The state legislature, meanwhile, is considering its options, which to date have included changing the convention system to make it more open and democratic, adopting an elective system, and enacting an appointive process based on merit.

State bar officials view the moment as a historic opportunity to do away with judicial elections altogether and adopt a merit selection process for filling judgeships, an approach they have been advocating since the early 1970s. Under merit selection, prospective judges are screened by a committee of lawyers and laypeople that chooses a short list of presumably qualified candidates from which the governor must fill a vacancy.

“We want to take the political clubhouse out of the courthouse and start selecting our judges solely on merit, not on the basis of their political credentials or who they know or what serves the interests of party leaders,” says New York State Bar Association President Mark H. Alcott.

MIXED FEELINGS ABOUT MERIT

But several minority bar associations have expressed concern over the possible adoption of an appointive process, which they fear will be less inclusive of women and minority candidates than an elective judiciary has been.

And Lopez Torres, in testimony late last year before the state assembly’s standing committee on the judiciary, said she wasn’t convinced that an appointive process necessarily guarantees a more qualified, more diverse or less politicized judiciary than an elective one.

“The existence of an elective process, however imperfect, at least provides a possible route for those who are not favored by a controlling political establishment,” she told the committee.

Even its proponents recognize that a merit selection system, which would require a constitutional amendment passed by two successive sessions of the legislature and then ratification by the voters, will take at least three years to implement.

That may explain why support appeared to be growing in early February for a possible interim solution that essentially would keep the old convention nominating system but allow judicial hopefuls who fail to receive the party’s nomination another way to get on the ballot.

Under the proposals being floated in the legislature, those candidates could do so either by polling a certain percentage of the vote of delegates at the convention or by collecting on a petition a certain number of signatures from registered voters.

Frederick A.O. Schwarz Jr. is senior counsel at the Brennan Center for Justice at New York University School of Law and lead counsel for the plaintiffs in Lopez Torres.
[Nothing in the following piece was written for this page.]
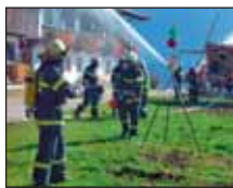
An der Atemschutzsammelstelle werden einsatztaktische Maßnahmen getroffen.

Im Vorfeld der Jahreshauptübung wurden am Seeufer die mobilen Hochleistungspumpen der Gemeinde vorgestellt, die bei Hochwasser eingesetzt werden und im Vorjahr auf Grund der Überschwemmungen im Jahr 2005 angekauft wurden. Diese haben den Vorteil, dass sie auf Anhänger montiert sind und innerhalb kürzester Zeit an jedem beliebigen Punkt im Ortsgebiet zum Einsatz gebracht werden können. ■

He says there are two pos sible short term solutions to the chief constitutional problem presented by the convention system, which is the exclusion of the voters from any meaningful participation in the nominating process.

One solution would be to hold primary elections, which are used for every other judicial office in the state and in most other states with elective judiciaries.

Another is a convention system that allows viable candidates who are not the party’s nominee a place on the ballot.

If the legislature does nothing, Schwarz says, Gleeson has already decreed that Supreme Court judges will be chosen through primary elections. But if the legislature wants to do something that is constitutionally defensible, he says, it should consider the second option.

“This solution would give voters and candidates a real voice and a genuine opportunity to participate, while involving political parties in a way that is familiar to all participants in our state,” Schwarz says.